1. Motivation:

Suppose that you had to find a needle in a haystack. How would you go about doing it and how fast would you be able to do it? These are questions that many Biologists have been trying to answer. Only, their haystack is the DNA, the needle is the promoter and the ‘thing’ that does the search is the protein molecule.

The protein molecule acts like a tiny machine capable of making decisions. Just like any physical machine, this molecular machine dissipates energy and is affected by the thermal noise surrounding it. Surprisingly, there is a correspondence between these molecular machines making their vital decisions and a receiver in a communication system. Many Molecular Biologists applying Shannon’s communication theory to Biological systems. This has led to many interesting results and we will take a look at some of them in this review.

2. What are Molecular Machines?

Let us first understand what exactly we mean by a molecular machine. There are millions of chemical and biological reactions that take place in our body. Only some of these processes can be considered as performed by molecular machines. To be called a molecular machine, the process should satisfy certain conditions.

1.  A molecular machine is a single macromolecule or a macro molecular complex and not a macroscopic reaction. Unlike a macroscopic chemical reaction, the molecular machine does not stop its operation once equilibrium is reached.

2.  A molecular machine performs a specific function. The molecular machines are very important for the survival of the organism.

3.  A molecular machine is usually energized before performing its function. The source of this energy can be ATP, photons or any microscopic process such as thermal fluctuations.

4.  A molecular machine dissipates energy while performing its function. Therefore the energy of the machine before performing the function, called the ‘Before’ state is higher than the energy in the ‘After’ state.

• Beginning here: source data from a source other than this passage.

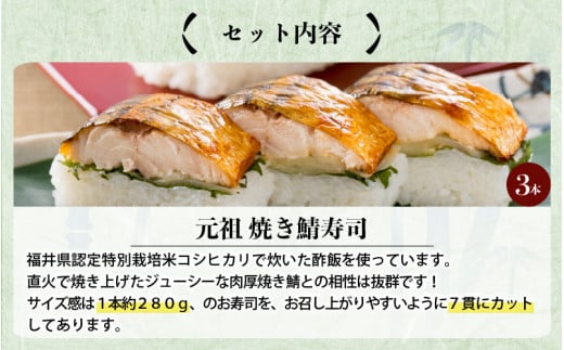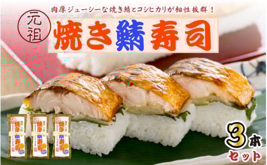 【先行予約】焼き鯖寿司の元祖が贈る 「元祖焼き鯖寿司」 3本セット 1本あたり 約280g ~家族が喜ぶ手土産~ 【2026年3月下旬より順次発送予定】 【名物 ジューシー 焼きさば 押し寿司 さば寿司 すし こしひかり 贈答 ギフト お土産 大人気】 [A-0574]
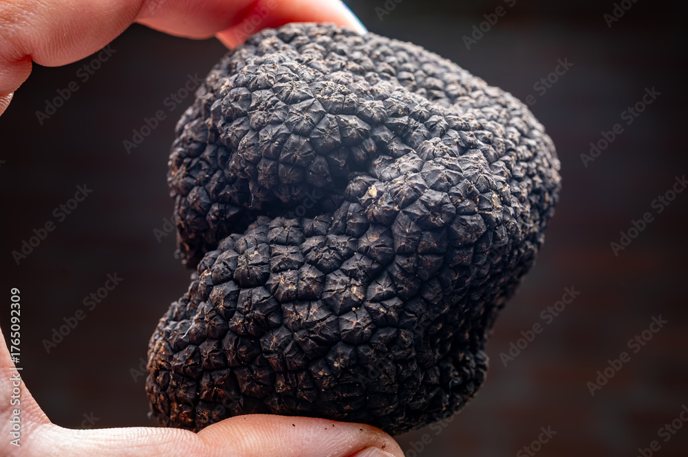 Hand with delicious mushrooms, fresh black summer truffle mushroom from Italy for making truffle dishes with tasty aroma, culinary in France
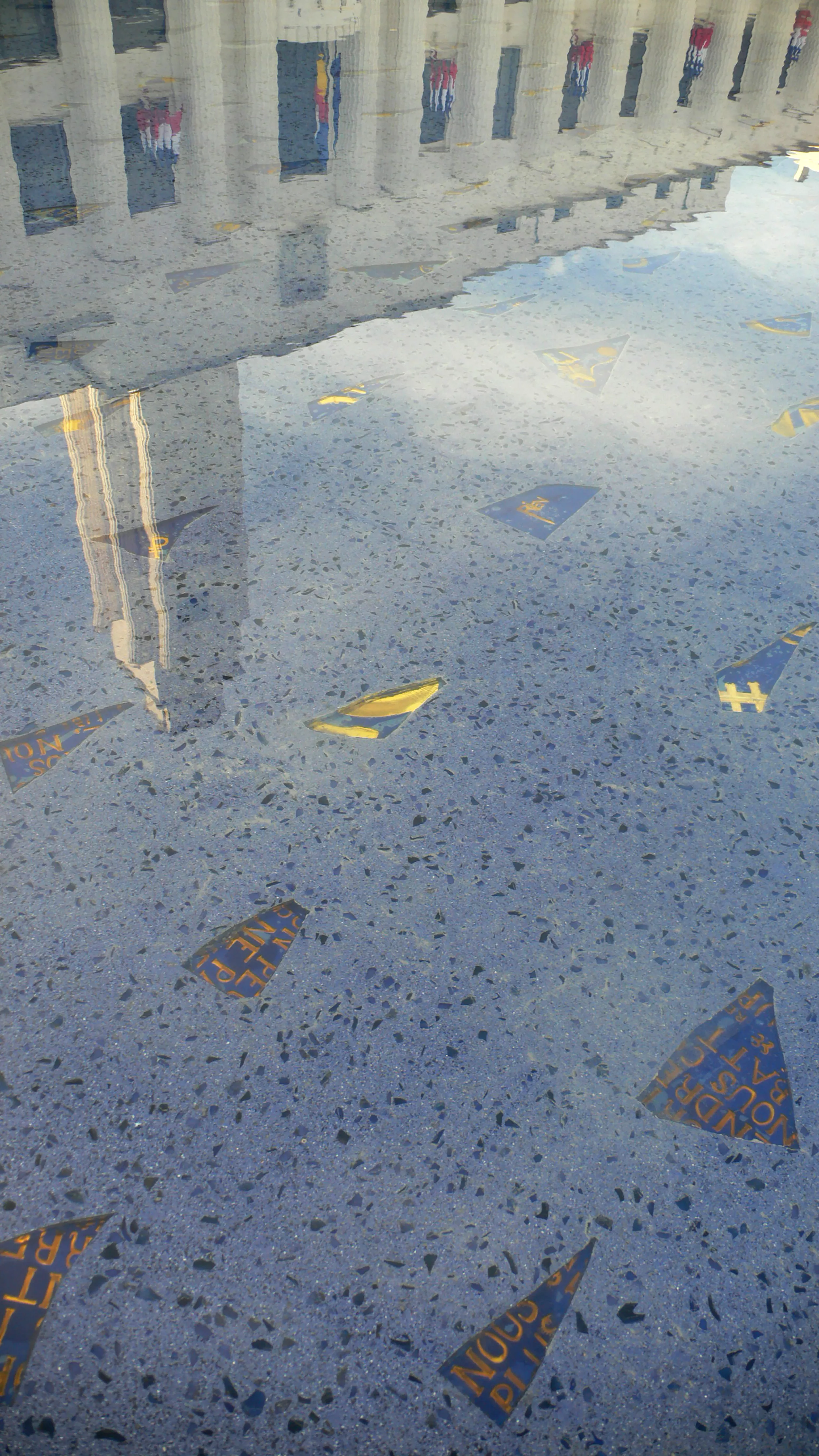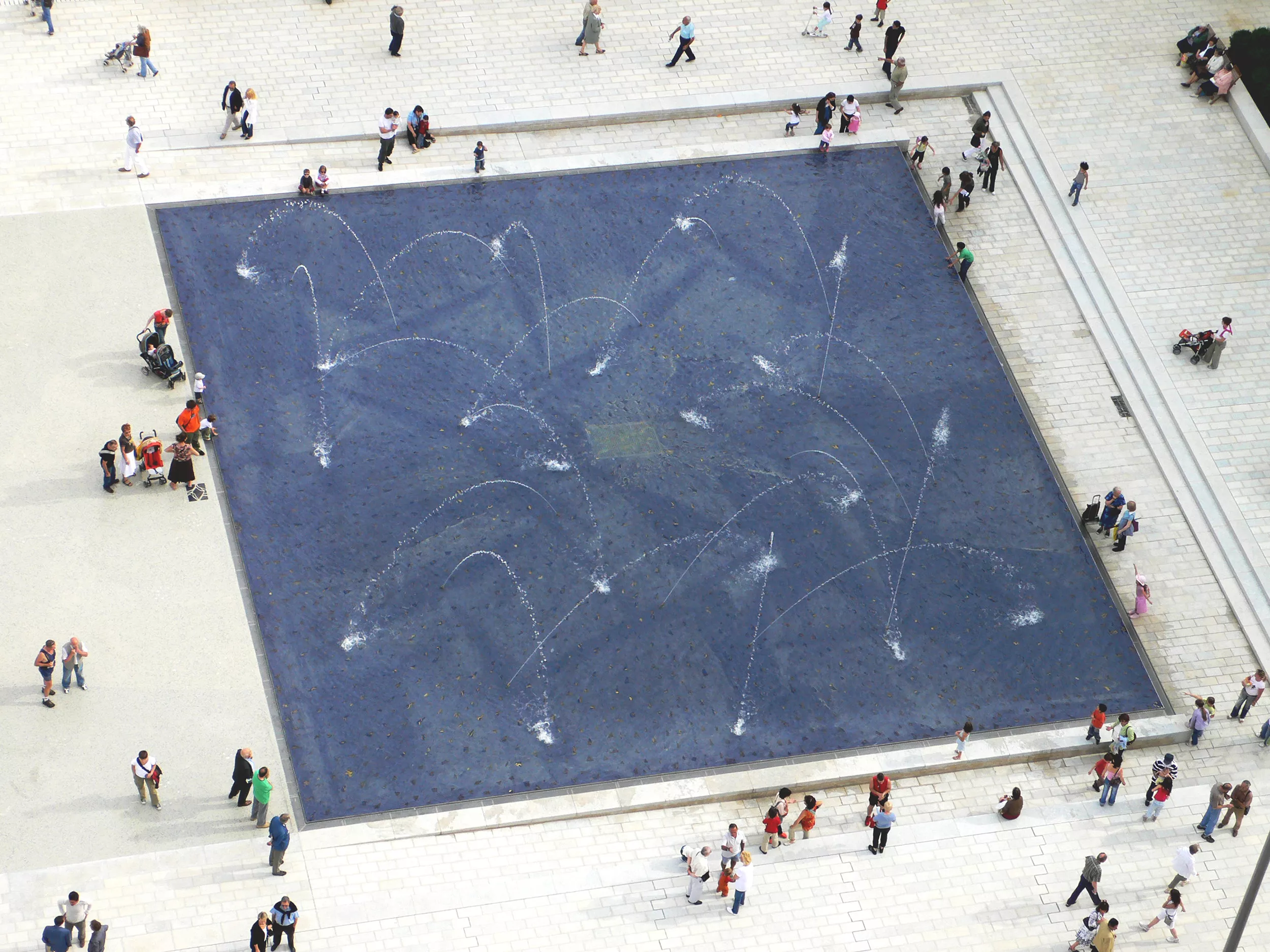 Au centre de la place, les deux bassins miroirs carrés sont sertis dans le sol. Le niveau des plans d’eau règne avec celui du socle de pierre. Le fond des bassins et le carré central dessinent un long tapis revêtu de surfazo bleu poli.

5.  A molecular machine gains information by selecting from a set of possible states.

6.  Molecular machines are isothermal engines. The machines are usually embedded in a huge bath and have no way of insulating themselves.

Although the conditions that should be satisfied to make a process a molecular machine seem very stringent, there are many biological processes that can be considered molecular machines. Some examples are as follows:

·  When DNA is fragmented into 400 base-pair long units and heated, the fragments get into a high-energy state. This results in the separation of the double helix into single strands. When the solution is slowly cooled, the single strands bind to their complementary strands and reform the helix. The DNA acts like a molecular machine because of the precision with which this process occurs.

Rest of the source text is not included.